BEST TIPS FOR YOUR BIKRAM CLASS
Bikram's beginners yoga class is challenging, in the beginning, and even for practiced yogis. Bikram yoga otherwise know as the 26 & 2 always uses the same postures: two breathing exercises, 12 standing poses and 12 floor postures. Practiced in a room that’s warmed to a approximately 38 degreesC, the heat according to Bikram’s Yoga University of India, works to warm the muscles, making them more versatile and less prone to injury, but it also causes participants to sweat, assisting a deep cleanse for the body. Things to keep in mind to help you throughout the practice.
BREATHE Always Breathe
Even experienced Bikram yoga students can often find it challenging to breathe in the heated space. Concentrate on correct yogic breathing by inhaling and exhaling through the nose, which assists to slow the breath and soothe the nervous system. The aim is to find a rhythm which suits you, and over time, using your breath to encourage both strengthening and releasing within the postures. As your lung capacity and stamina increases, you’ll discover a better connection through your breath and the movements of your body.
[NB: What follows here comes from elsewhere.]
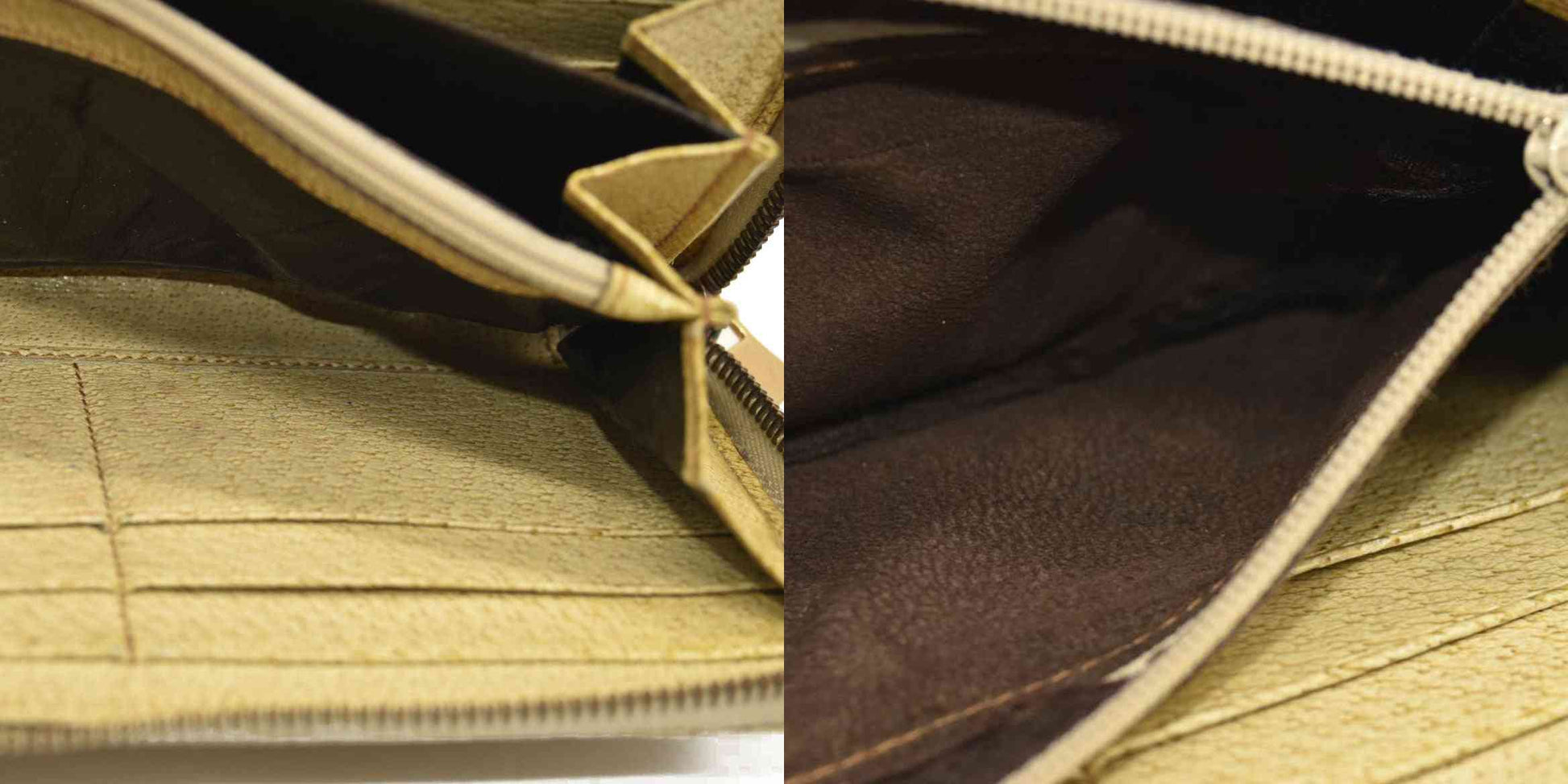 Interior: Residue marks, scuffs, frayed stitch(es), residue marks/stains

Listen to the Instructions
As opposed to depending on past experience, listen to your teacher and attempt to perform each position exactly as described to the best of your ability. Allow the teachers voice to think for you, so often we go on autopilot, (teachers included)… which means our minds are somewhere else. By listening to the teacher and keeping in time with the instructions, we flow as one, remaining present and in tune with what is happening, this alone brings a strong sense of unity in the class as we all work together.
Focus on Alignment
While it may be tempting to push yourself into reaching the final and deepest expression of each posture, remember form is more important than depth. Keep form and then gradually go deeper.
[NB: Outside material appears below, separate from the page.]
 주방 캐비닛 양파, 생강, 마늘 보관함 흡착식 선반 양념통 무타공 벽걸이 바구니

Experiment With Different Class Times
If your schedule allows, attempt taking an early morning class. You may discover the postures appear more difficult, because the body hasn't been moving around for very long, however you'll be more in tune with the body both physically and mentally because the mind is less occupied in the mornings, and will remain more present having come from a calm state of rest, before the activities of the day mixes into our thoughts. After attending early morning classes frequently for a while, you could find afternoon or evening classes physically easier, finding more depth, but, with more awareness on where your body requires deeper attention.
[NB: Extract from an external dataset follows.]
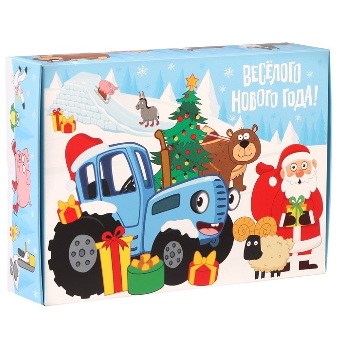Новый год. Коробка подарочная, "Весёлого Нового года", 21 х 15 х 5 см, Синий трактор

Drink plenty of water throughout the day before your Bikram yoga class, or alternatively if you practice early hydrate well the day before. 8 Glasses of water a day is the average recommendation, therefore if practicing Bikram Yoga regularly, you may need more than the average 8 glasses. It is also important to replenish the minerals lost in our sweat. Investing in electrolyte replacements is essential to any Bikram Yoga practitioner or athlete.
Like any physical discipline, success with Bikram yoga takes some time. Preserving a routine practice will help you steadily improve. Know and remember that every journey started from somewhere... Frequency… precision… and intensity… these are three things that will unlock the treasures of Bikram yoga. Trust in the process, and the discipline will pay off.
Everyday is different, so don't be surprised if you start struggling with poses that were formerly easy for you, or if you go through a period where your practice is harder. Everyone who practices Bikram yoga experiences these obstacles regularly. Our lives are continually changing and evolving, as well as our physical state, therefore your practice will regularly change and develop. It will probably never ever become simple, which is exactly what makes Bikram yoga such a fulfilling practice, its always changing because we are.